Saturday 13 June 2009

A Rare Thing


Image left: Common Sandpiper
Sunday 7th June
A Rare Thing

I turn into the Narrows under a sky filled with the siren like calls of oystercatchers. I quickly find the empty cup of their nest seated in a heather topped boulder: It had originally held three eggs, but two of these had been lost early on leaving only a single chick to face the rigors of life on the beach. I move off and their calls subside.

The recent run of neap tides have failed to dampen the expanse of sand leaving it littered with sea borne debris. Even the small tidal stream that skirts island’s side of the sand has disappeared leaving only the fossilised indents of running water. On the opposite bank the oaks of John’s Wood have filled out their canopy still holding to the glass ceiling created by the prevailing winds. Below on the edge of the sand a patch of Irises are just beginning to flower, the distance lending them the feel of impressionist’s sketch with hastily thrown yellow dashes amongst the green fuse.

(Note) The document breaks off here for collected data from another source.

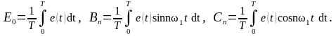 Постоянная составляющая Е0 и коэффициенты ряда Фурье Вn и Сn рассчитываются по формулам
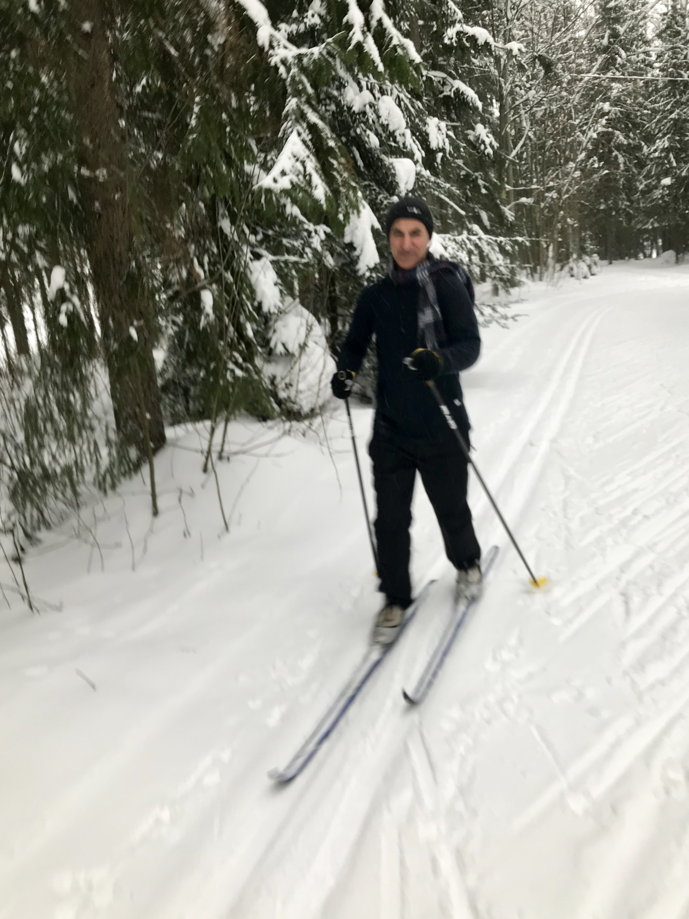 Y blir allt bättre på att skida. Lägger till CV:n: har lärt en asylsökande från Bagdad att åka skidor.
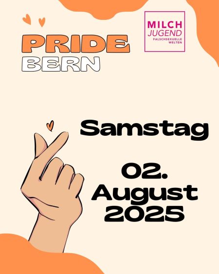 Veranstaltungskategorien: Jugendtreff · Pride Milchbar: Bern Pride 2. Aug., 13:00 – 15:00 Milchbar geht als Laufgruppe zur Bern Pride Bern veranstaltet seine Pride am 2. August 2025 und wir laden euch herzlich ein, mit uns an der Demo teilzunehmen! So findet ihr…
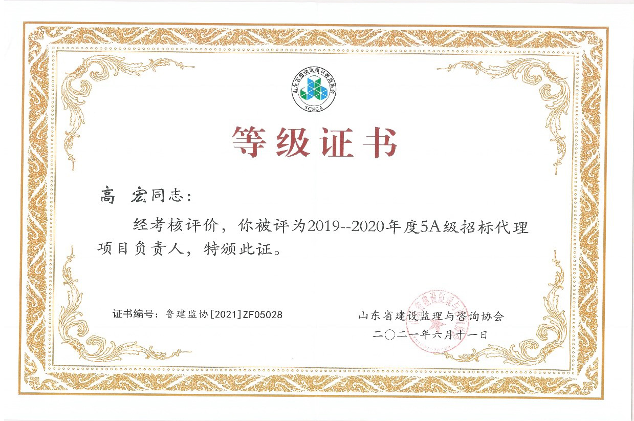 | 我公司獲得山東省首批5A級(jí)監(jiān)理企業(yè)、5A級(jí)招標(biāo)代理機(jī)構(gòu)、4A級(jí)全過(guò)程工程咨詢單位 |
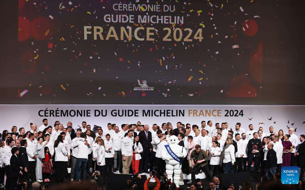 Chefs attend the Michelin Guide for France 2024 awards ceremony in Tours, France, March 18, 2024. The Michelin Guide launched its 2024 France edition on Monday in Tours. (Xinhua/Gao Jing)
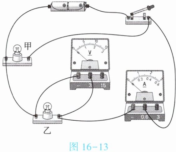 7. (★★★)如图 16 - 13 所示的电路中,闭合开关,甲、乙两灯泡均发光,过一会儿,其中一个灯泡突然熄灭,但两电表指针仍明显偏转。造成此现象的原因可能是【
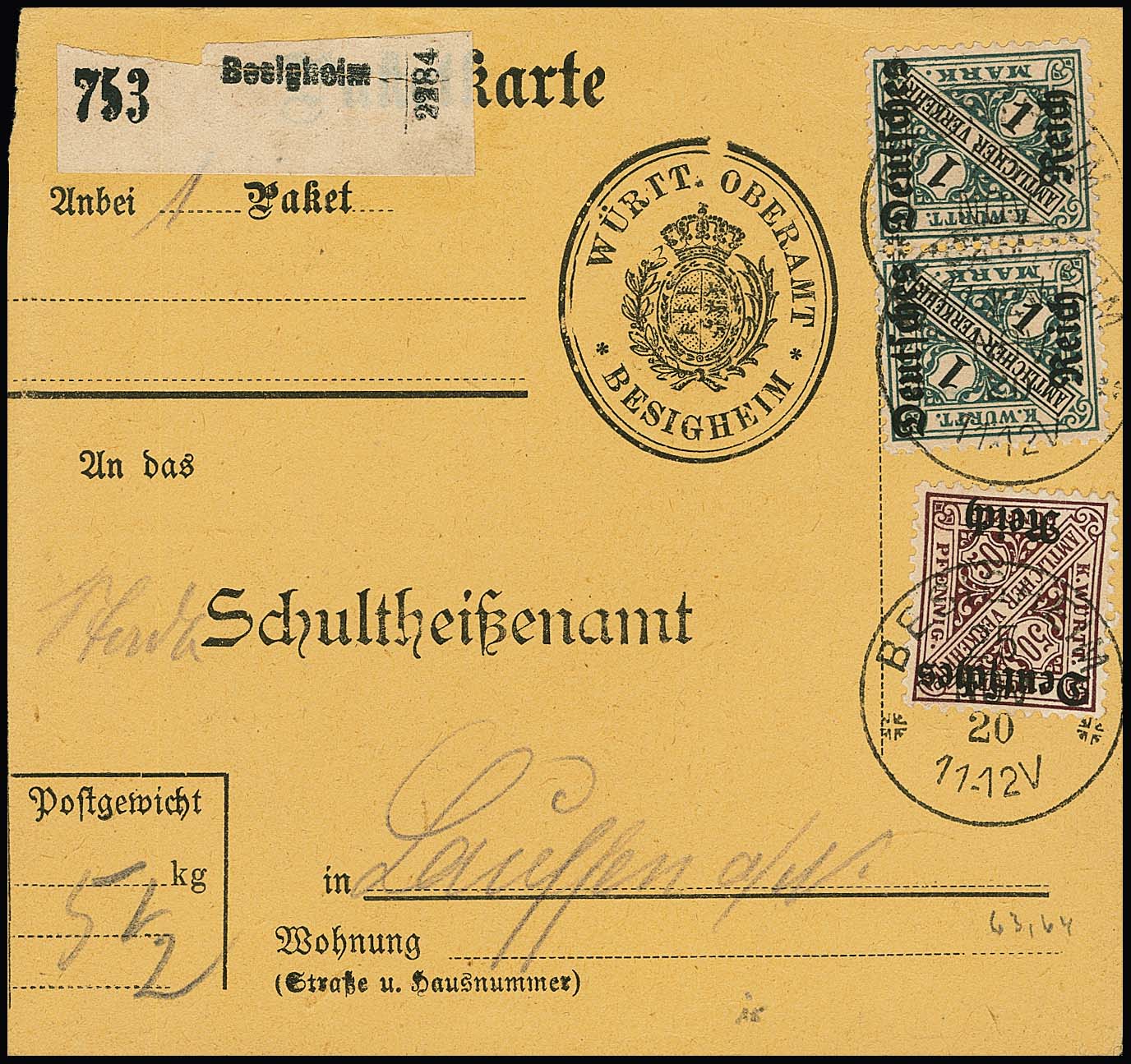 50 Pfg. und Paar 1 Mk. Württemberg auf Dienst-Paketkarte von Besigheim 1920 nach Lauffen. Seltene Frankatur auf einer Paketkarte!
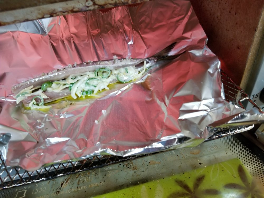 オリーブオイルを塗ったアルミホイルにのせて、オーブントースターで五、六分、いわしに火が通るまで焼きます。
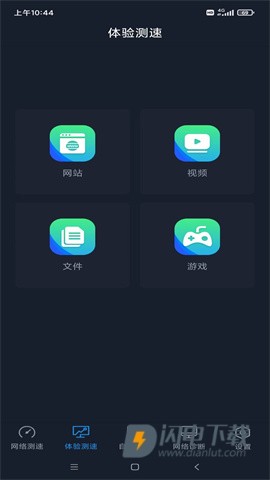 3、在体验式测速功能中,系统将测速场景细分为网站、视频、文件、游戏四大板块,用户可根据自身使用习惯选择对应类别进行针对性网络性能测试。
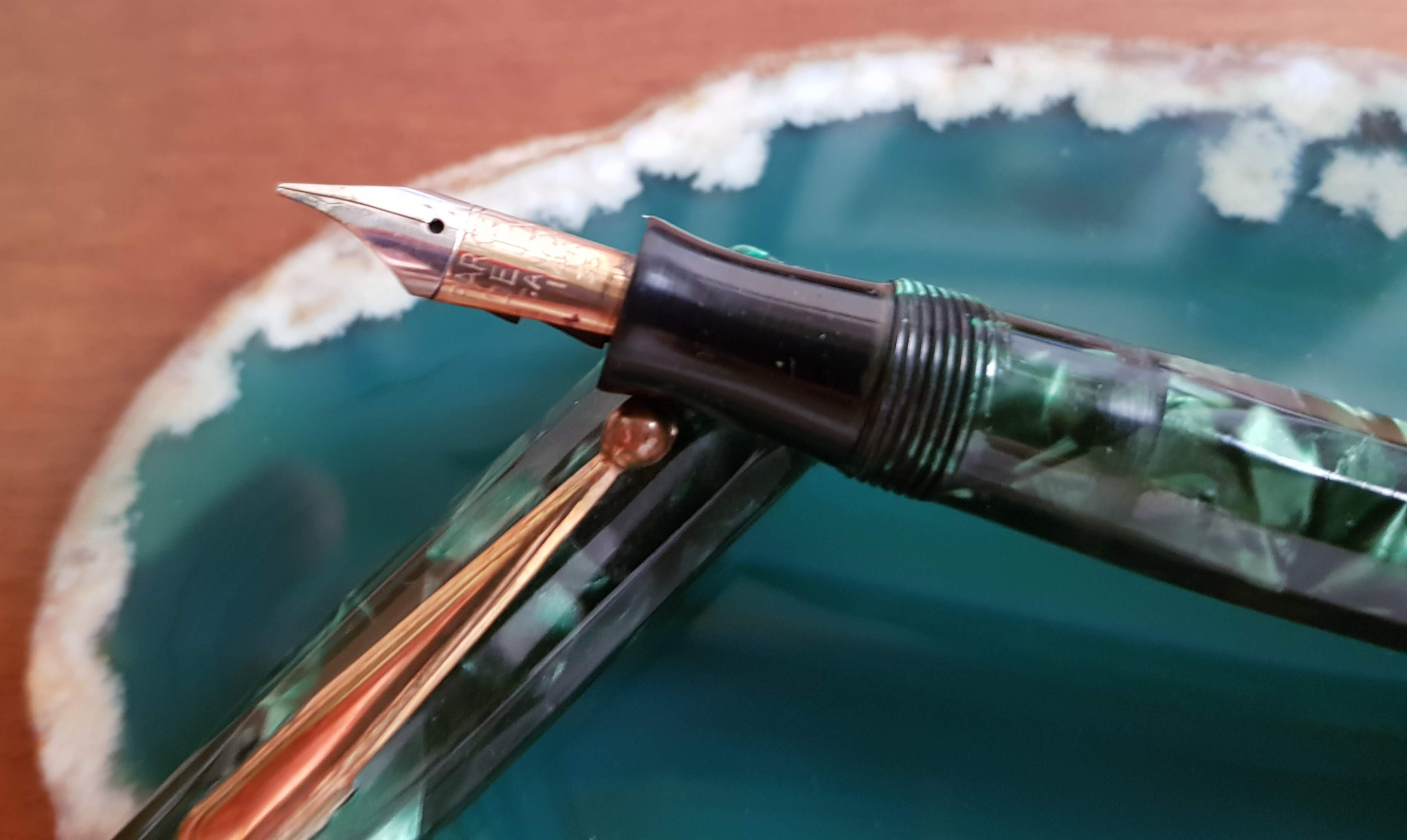 Photo of a pen produced by Parker. Model: Parkette De Luxe. Filling system: lever filler. In marbled turquoise celluloid. Color out of the catalogue.
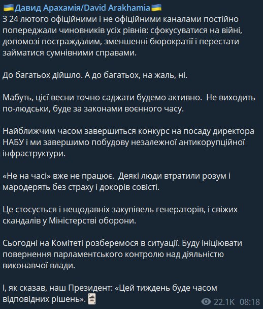 "Це стосується і нещодавніх закупівель генераторів, і свіжих скандалів у Міноборнах", - заявив Арахамія.
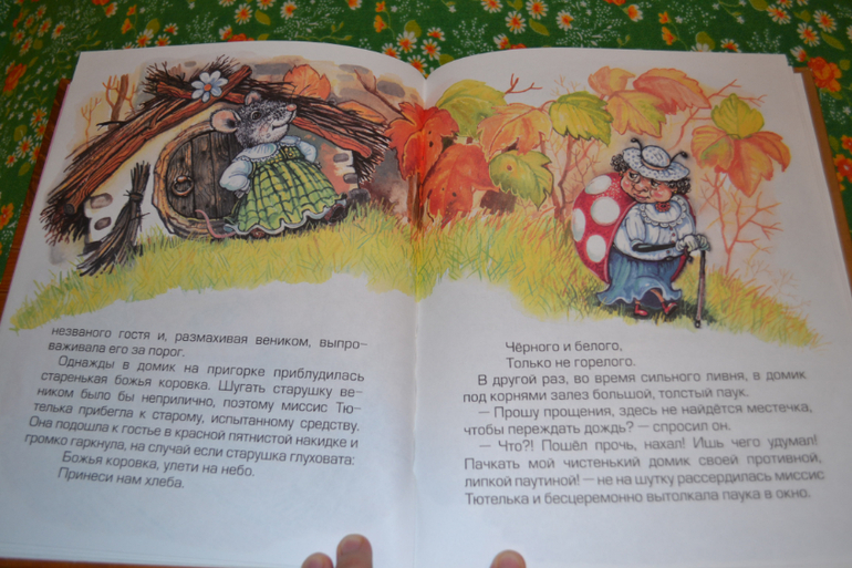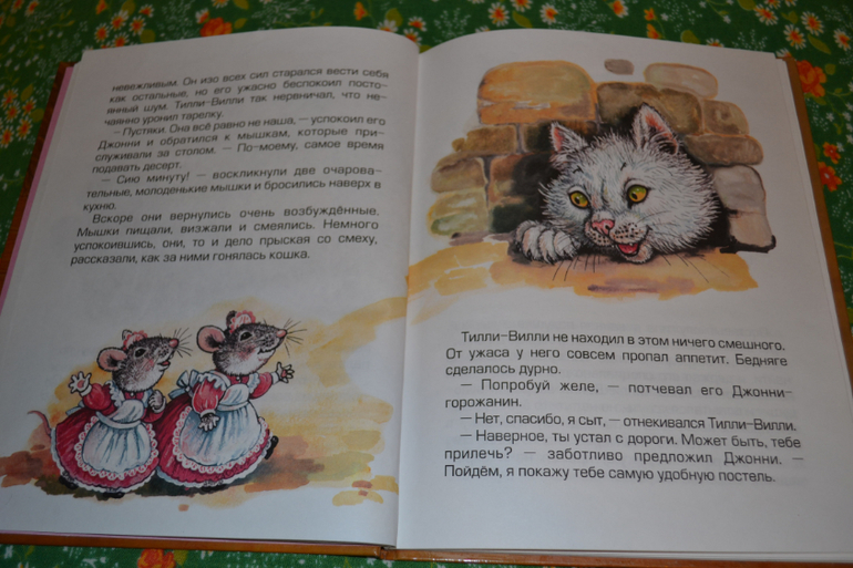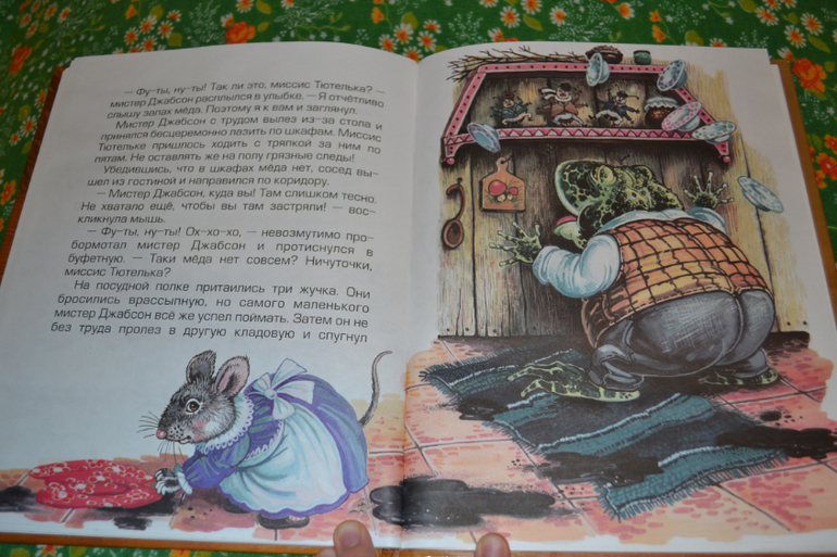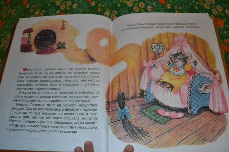 Кроме "Ухти-Тухти" я пока не читала никаких её произведений.Вопреки ажиотажу "Ухти-Тухти" тоже меня не особо впечатляет (хотя у меня книжечка из детства, та самая).Поглядываю на кролика Питера в будущем.Но вот решила взять эту книгу для себя, на пробу)) В отзывах пишут, что очень плохо, что нет иллюстраций автора.Я не читала эти истории с авторскими иллюстрациями, поэтому могу спокойно от них абстрагироваться) Да, иллюстрации не самые чудесные, но и не самые плохие.Их достаточно много.Сама книга в целом оформлена сносно (соответственно цене).Но вот сами истории меня разочаровали.Они интересные, НО заканчиваются ничем!Про Тилли-Вилли и Джонни-горожанина читала с удовольствием и интересом до самого конца.Но что это за конец?Как будто издатель пришёл к автору и сказал срочно дописать произведение.Автор села и дописала его тут же в двух предложениях и отдала в печать.Не знаю, может все истории у неё так заканчиваются - ничем?Вторая история мне не понравилась вообще.Миссис Тютелька - просто антипример!Да, она чистоплотная, но злая!Никому не была рада в своём чистеньком доме.Всех без стеснения выгоняла, только почему-то (в книге не сказано, почему) не стала выгонять мистера Джабсона, от которого грязи-то больше в 100 раз, чем от всех остальных вместе взятых.А когда она попросила его выгнать всех незваных гостей, он натворил в доме такое, что она 2 недели убиралась!После этого она сделала дверной проём меньше, чтоб он не смог войти (вот она - благодарность), но мистер Джабсон совсем не обиделся (!), и теперь мышка потчевала его на улице в то время, как другие мышки, приглашённые миссис Тютелькой, внутри.Вот и вся история...О чём она - непонятно...Однако о том, что книгу взяла, не жалею.Теперь буду внимательнее обдумывать покупку недешёвого кролика Питера...
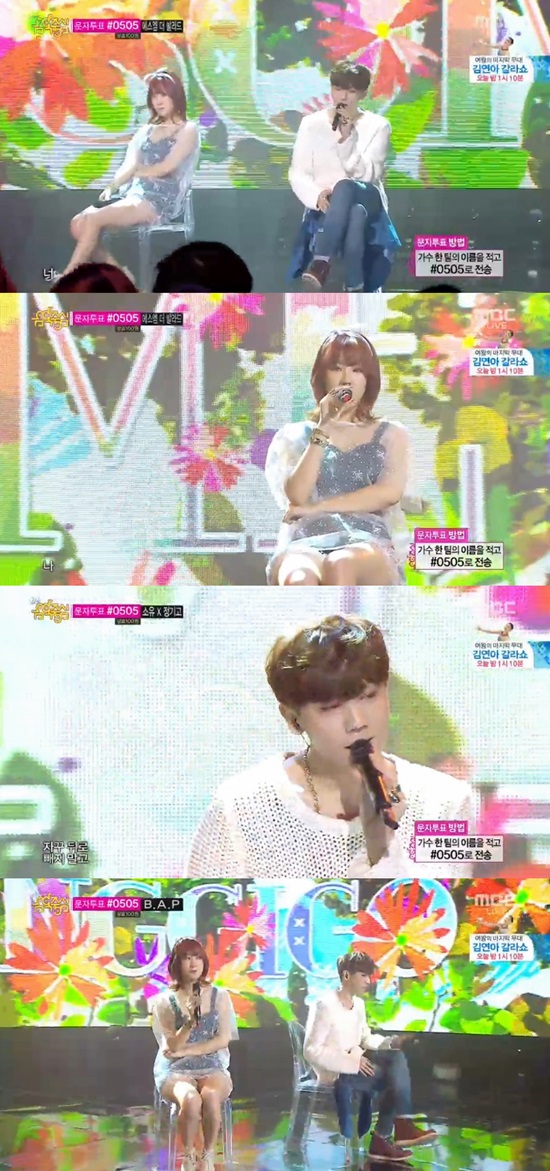 [아시아경제 e뉴스팀]씨스타 소유와 정기고가 함께하는 소유X정기고가 감성적인 노래로 청중의 귓가를 사로잡았다.소유X정기고는 22일 오후 방송된 MBC '음악중심'에 출연해 신곡 '썸'을 열창했다. 이들은 달콤한 가사와 가슴을 두근거리게 만드는 달콤한 목소리로 팬들의 뜨거운 박수와 환호를 자아냈다.'썸'은 소울 감성 가득한 정기고 특유의 로맨틱한 보컬에 씨스타 소유의 청아한 음색이 어우러져 듣는 이의 가슴을 두근거리게 하는 미디엄 템포의 듀엣송이다. 여기에 최근 힙합대세로 떠오른 긱스 릴보이의 톡톡 튀는 감각적인 랩이 더해졌다.한편 이날 '음악중심'에는 S.M. THE BALLAD, 선미, B1A4, 소유 X 정기고, 태진아, B.A.P, 가인, 박지윤, BTOB, 방탄소년단, 스피카, 씨클라운, 김바다, 탑독, 레이디스코드, 스피드, 소년공화국, 샘, 립서비스, Bebop, 임채언 등이 출연했다.e뉴스팀 ent@asiae.co.kr<ⓒ세계를 보는 창 경제를 보는 눈, 아시아경제(www.asiae.co.kr) 무단전재 배포금지>

For the island’s rocky margin life has also moved on apace, the low cliffs hold wooded tufts, with oak, birch, aspen and hazel all in leaf while the rowans had started to blossom. Even the shear faces of rock are dotted with tight bunches of thrift like unfurled anemones. Where ledges and fissures afford some shelter ferns, penny royal and heather bring their own colour to the patina of lichens. I drew myself into this world with deep breaths , someone had painted over the surfaces with life.

From a low stand of birch the call of a bird brought my attention in from the beach. The tone was melodious enough to be a songbird but it had a distinct resonance that marked it out from the thrushes and warblers. Its calls pulled me from bush to bush while my quarry gave up only tantalising glimpses. I was been played for a fool and when the bird had taken me far enough from its nest it made a long arc back to were the game had began. I too returned to the start but instead of replaying the chase, I waited. A small wading bird emerged from the thicket calling to its mate who answered from the top of rock on the edge of the beach. It flitted off the ground and threw its legs forward to grapple with a low branch on which it intended to perch, it took a couple of second to find its balance. I waited with them as they moved from branch to rock through the small valley dipping their tails and calling all the time. What I took to be the female made occasional sorties to the base of a hazel, where I assumed her nest lay. The species of the bird was only something I could guess at and these guesses ranged from rare passage migrants to species I had seldom found the need to look up in my field guide. I suppose life is a rare thing in itself and intimacy with it, rarer still.